§ **The records**

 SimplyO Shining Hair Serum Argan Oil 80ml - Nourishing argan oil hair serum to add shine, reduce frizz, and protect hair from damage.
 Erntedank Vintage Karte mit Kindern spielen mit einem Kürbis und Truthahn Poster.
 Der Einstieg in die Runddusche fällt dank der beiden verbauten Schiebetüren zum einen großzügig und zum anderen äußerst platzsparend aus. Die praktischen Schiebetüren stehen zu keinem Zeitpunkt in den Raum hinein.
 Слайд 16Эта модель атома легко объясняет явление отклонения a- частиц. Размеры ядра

--

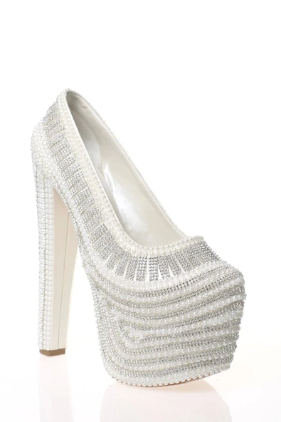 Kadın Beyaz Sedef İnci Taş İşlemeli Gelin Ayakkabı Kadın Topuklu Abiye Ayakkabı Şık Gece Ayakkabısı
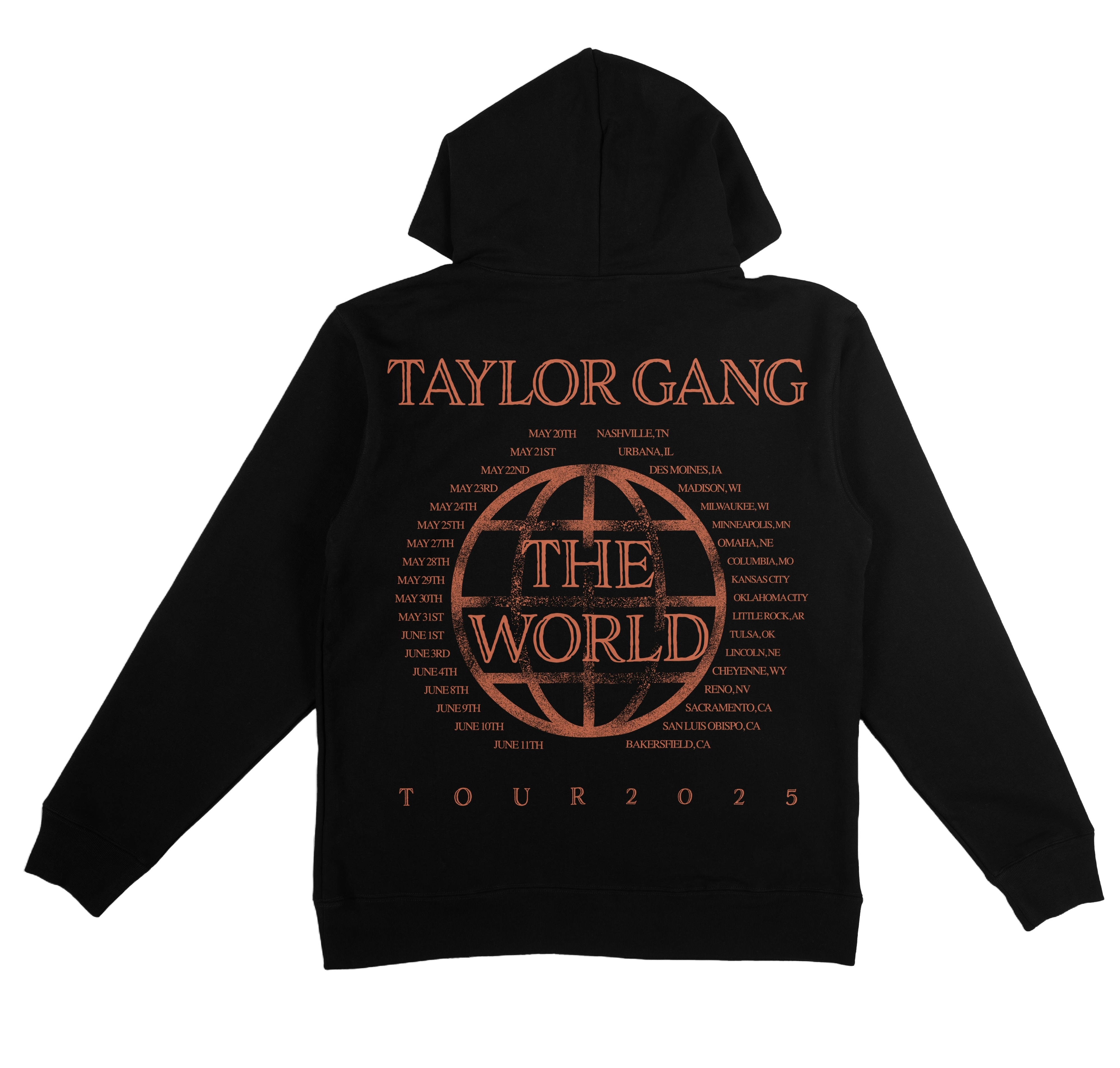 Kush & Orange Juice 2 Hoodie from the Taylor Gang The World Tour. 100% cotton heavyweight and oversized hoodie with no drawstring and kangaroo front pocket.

...

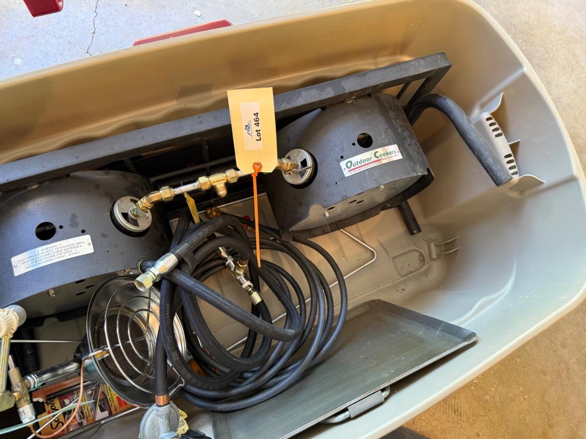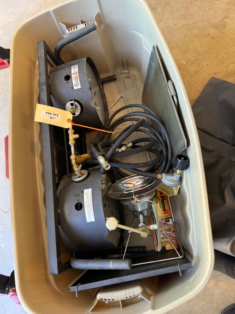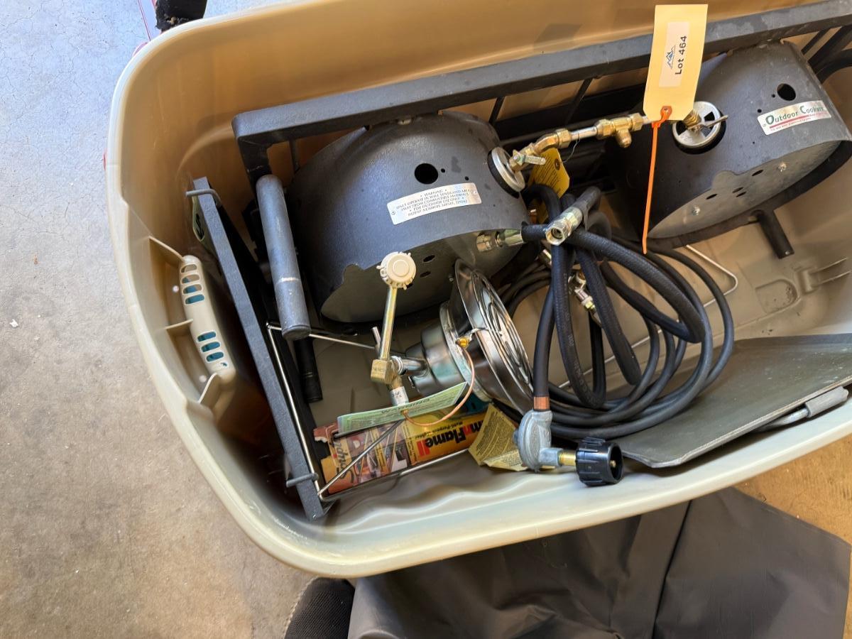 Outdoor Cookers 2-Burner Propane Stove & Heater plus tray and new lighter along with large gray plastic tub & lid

§ **About this exercise**
An exact transcription is needed of the lines from the one with "Kadın Beyaz Sedef" to the one with "Kush & Orange" above, both ends included, with pictures left out.

§ **Exercise response**
 Kadın Beyaz Sedef İnci Taş İşlemeli Gelin Ayakkabı Kadın Topuklu Abiye Ayakkabı Şık Gece Ayakkabısı
 Kush & Orange Juice 2 Hoodie from the Taylor Gang The World Tour. 100% cotton heavyweight and oversized hoodie with no drawstring and kangaroo front pocket.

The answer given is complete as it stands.